Menopause is a clinical diagnosis in women ≥45 with vasomotor and genitourinary symptoms; systemic hormone therapy is the most effective VMS treatment when initiated in healthy women under 60 or within 10 years of the final menstrual period, with transdermal estradiol plus micronized progesterone (if uterus present) being the safest regimen, while low-dose vaginal estrogen safely treats GSM at any age and non-hormonal options (paroxetine, venlafaxine, gabapentin, fezolinetant) serve patients with contraindications.

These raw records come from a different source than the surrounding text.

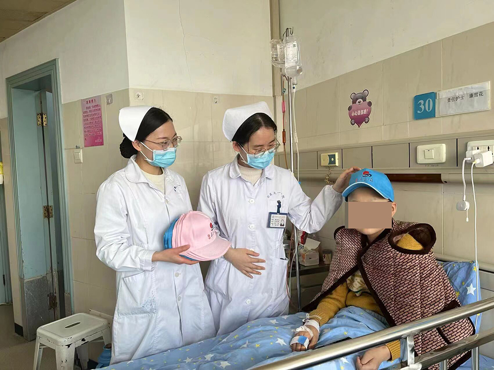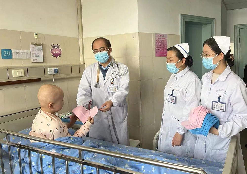 在儿童呼吸血液内分泌病区,丁圣刚主任医师、蒋慧珍护士长与第一(儿科)团支部的团员青年们一起,亲切的为患儿送上帽子,检查患儿情况并鼓励他们积极接受治疗,勇敢战胜病魔。医护人员们表示,对于孩子们和家长来说,每一顶充满爱的帽子都是一束阳光,照进身处阴霾中的病患家庭,让饱受病痛和心理摧残的孩子有战胜病痛的希望,感受关爱与平等。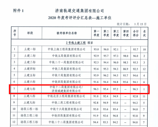 1月25日,軌道交通R2線(xiàn)7標段項目接到了濟南軌道交通集團發(fā)布的《關(guān)于2020年度考評結果的通報》,集團承建的濟南軌道交通R2線(xiàn)一期土建工程施工七標段項目榮獲2020年軌道交通土建項目參建單位年度排名第一的好成績(jì)。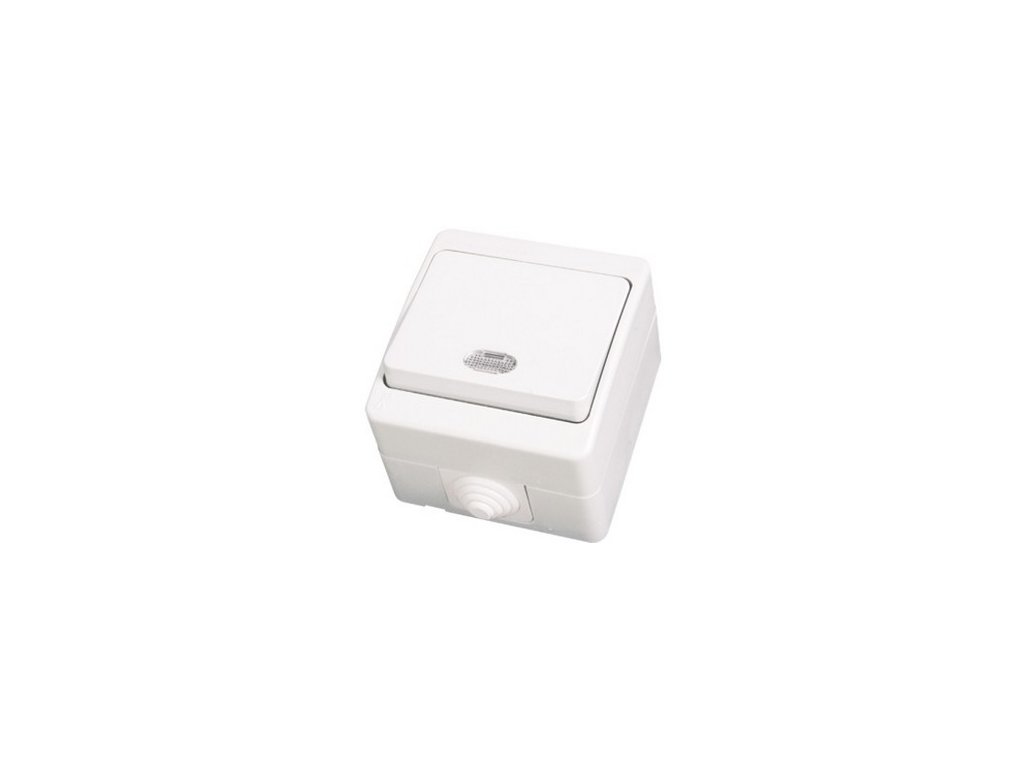 Striedavý prepínač č. 6 so zvýšenou IP ochranou proti vode a prachu, pre bezpečné použitie aj vo vlhkých priestoroch. S podsvietením.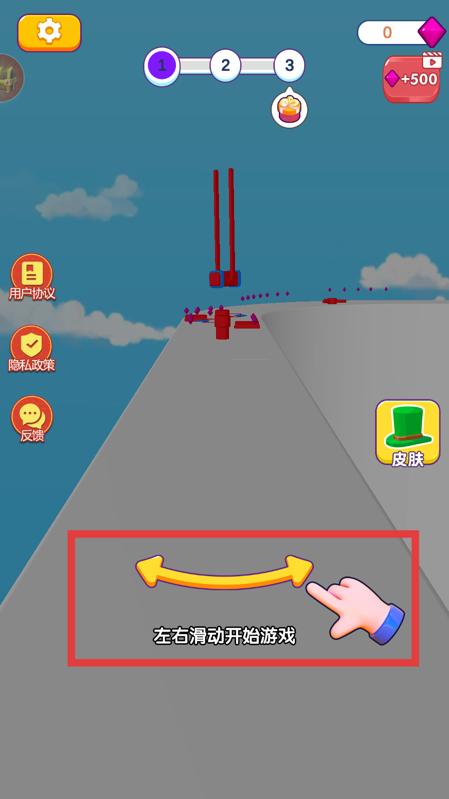 1、玩家下載游戲之后然后點(diǎn)擊進(jìn)入,在游戲主界面,按照提示左右滑動(dòng),即可進(jìn)入游戲關(guān)卡,操控果凍人開始游戲。

Decision framework: identify symptom domain (VMS vs GSM vs both) → assess HT eligibility (timing hypothesis, contraindications, ASCVD/VTE/breast risk) → choose route (transdermal preferred if any risk) → add progestogen if uterus present → reassess annually with shared decision-making.
Never-miss safety items: (1) any postmenopausal bleeding demands TVUS ± biopsy before attributing to HT or atrophy; (2) never give unopposed estrogen to a woman with a uterus; (3) do NOT initiate systemic HT in women >60 or >10 years post-FMP — use non-hormonal; (4) paroxetine + tamoxifen is contraindicated; (5) POI patients need HT until ~51 to prevent premature CV, bone, and cognitive complications.
Highest-yield Step 3 pearls: diagnosis is clinical (don't order FSH at 50); transdermal estrogen does not raise VTE risk; vaginal estrogen is safe at any age and needs no progestogen; surgical menopause and POI carry different (more aggressive) treatment imperatives than natural menopause; menopause visits are a prime opportunity to consolidate preventive care (mammogram, DXA, lipids, immunizations, cancer screening, depression screening).
Counseling north star: HT is symptom therapy, not disease prevention — individualize, document shared decision-making, use the lowest effective dose for the shortest needed duration, and reassess annually with the patient's evolving values, comorbidities, and life context.